# DatasetList test

In this notebook we test the functionalities of the `DatasetList` class.

## Labraries import

In [2]:
from caits.dataset._dataset3 import CaitsArray, DatasetList
from caits.loading import csv_loader
from caits.filtering import filter_butterworth

## Dataset loading

We load the data/GestureSet_small for this notebook.

In [3]:
data = csv_loader("data/GestureSet_small")
X, y, id = data["X"], data["y"], data["id"]
caitsX = [CaitsArray(values=x.values, axis_names={
    "axis_1": {
        col: i for i, col in enumerate(x.columns)
    }
}) for x in X]
type(caitsX[0]), type(y[0]), type(id[0])

Loading CSV files: 100%|██████████| 924/924 [00:00<00:00, 1273.43it/s]


(caits.dataset._dataset3.CaitsArray, str, str)

In [4]:
datasetListObj = DatasetList(caitsX, y, id)
datasetListObj

DatasetList object with 924 instances.

In [5]:
len(datasetListObj)

924

## Indexing

In this subsection we test the various indexing methods that can be used.

### Indexing using integer

This returns a `DatasetList` object, consisting of a single instance `X[int], y[int], _id[int]`.

In [6]:
datasetListObj[3]

DatasetList object with 1 instances.

### Indexing using a slice

This returns a `DatasetList` object, consisting of instances `X[slice], y[slice], _id[slice]`.

In [7]:
datasetListObj[3:15]

DatasetList object with 12 instances.

### Indexing using list of indices

This returns a `DatasetList` object, consisting of instances of the indices in the list `X[indices] y[indices], _id[indices]`.

In [8]:
datasetListObj[[3,8,16,107]]

DatasetList object with 4 instances.

### Indexing using a tuple of indices

This returns a `DatasetList` object, consisting of a single instance `X[int1][..., int2], y[int1], _id[int1]`.

In [11]:
datasetListObj[1, 4]

DatasetList object with 1 instances.

### Indexing using a tuple consisting of an integer and a slice

This returns a `DatasetList object`, consisting of a single instance `X[int][:, slice], y[int], _id[int]`.

In [12]:
tmp = datasetListObj[1, 2:5]
tmp, tmp.X[0].shape

(DatasetList object with 1 instances., (142, 3))

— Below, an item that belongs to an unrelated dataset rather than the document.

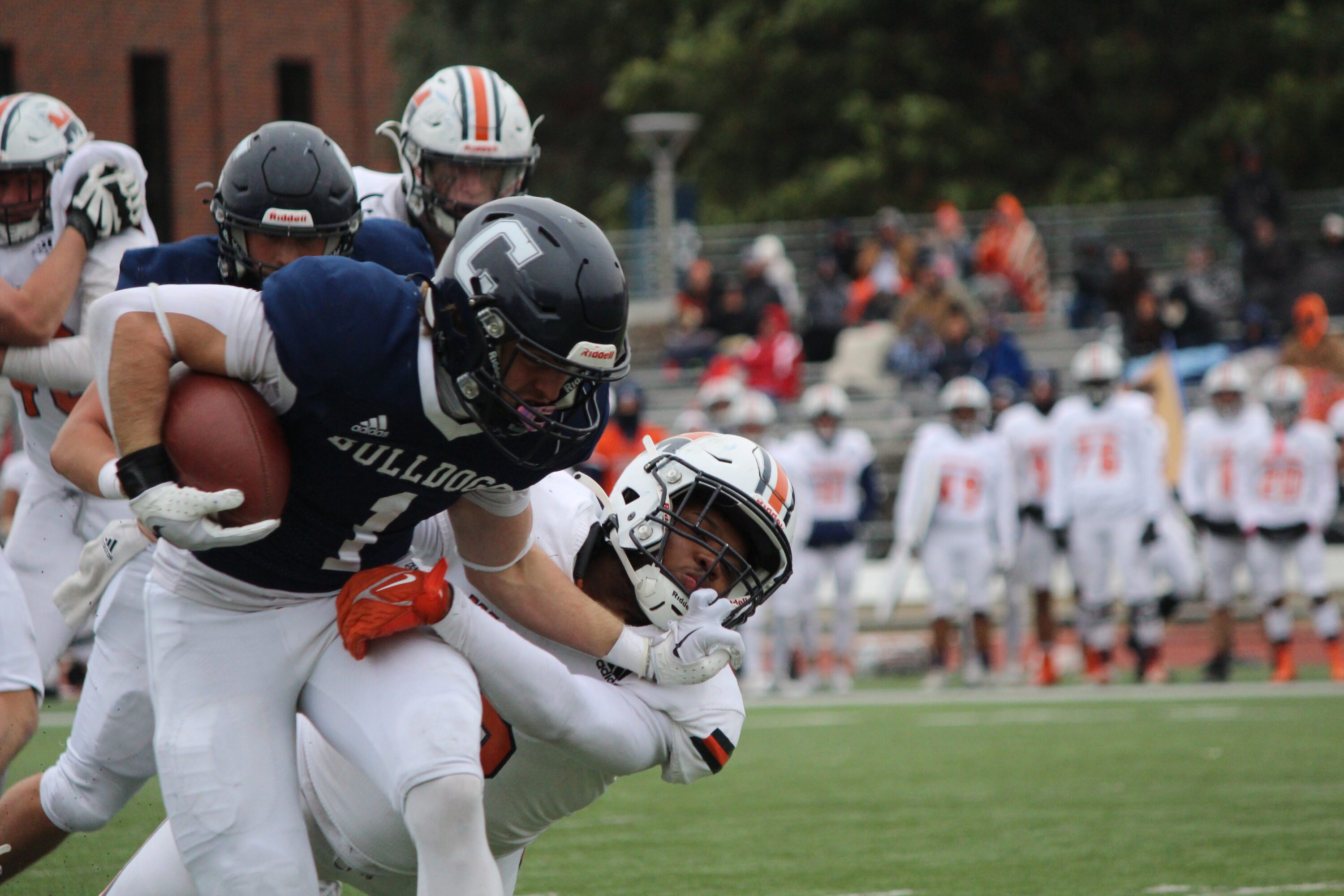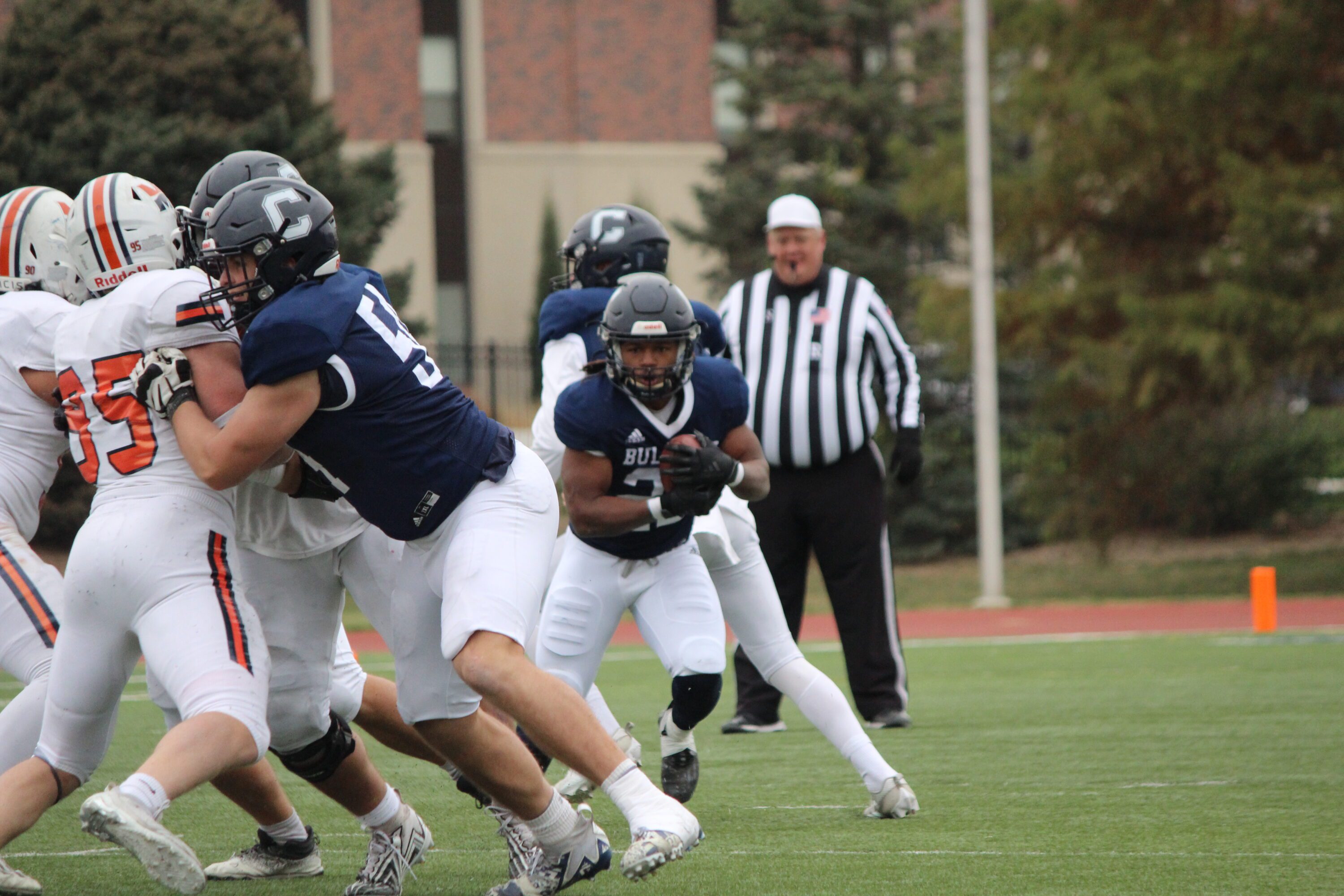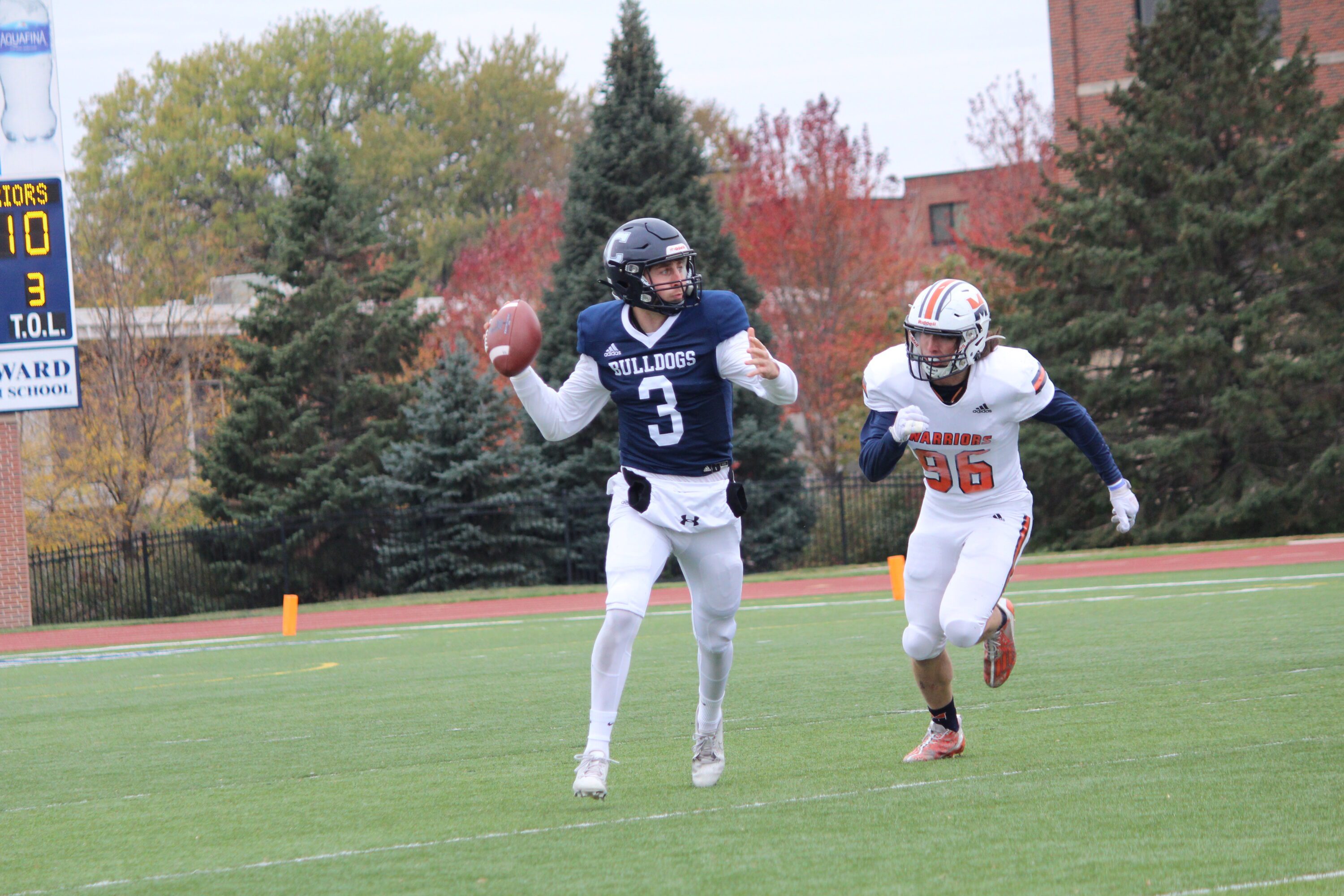 - Junior, Jake Jablonski, trying to avoid a tackle.

### Indexing using a tuple consisting of an integer and a list of integers

This returns a single `DatasetList` object, consisting o a single instance `X[int][:, list], y[int], _id[int]`.

In [13]:
tmp = datasetListObj[1, [3,4]]
tmp, tmp.X[0].shape

(DatasetList object with 1 instances., (142, 2))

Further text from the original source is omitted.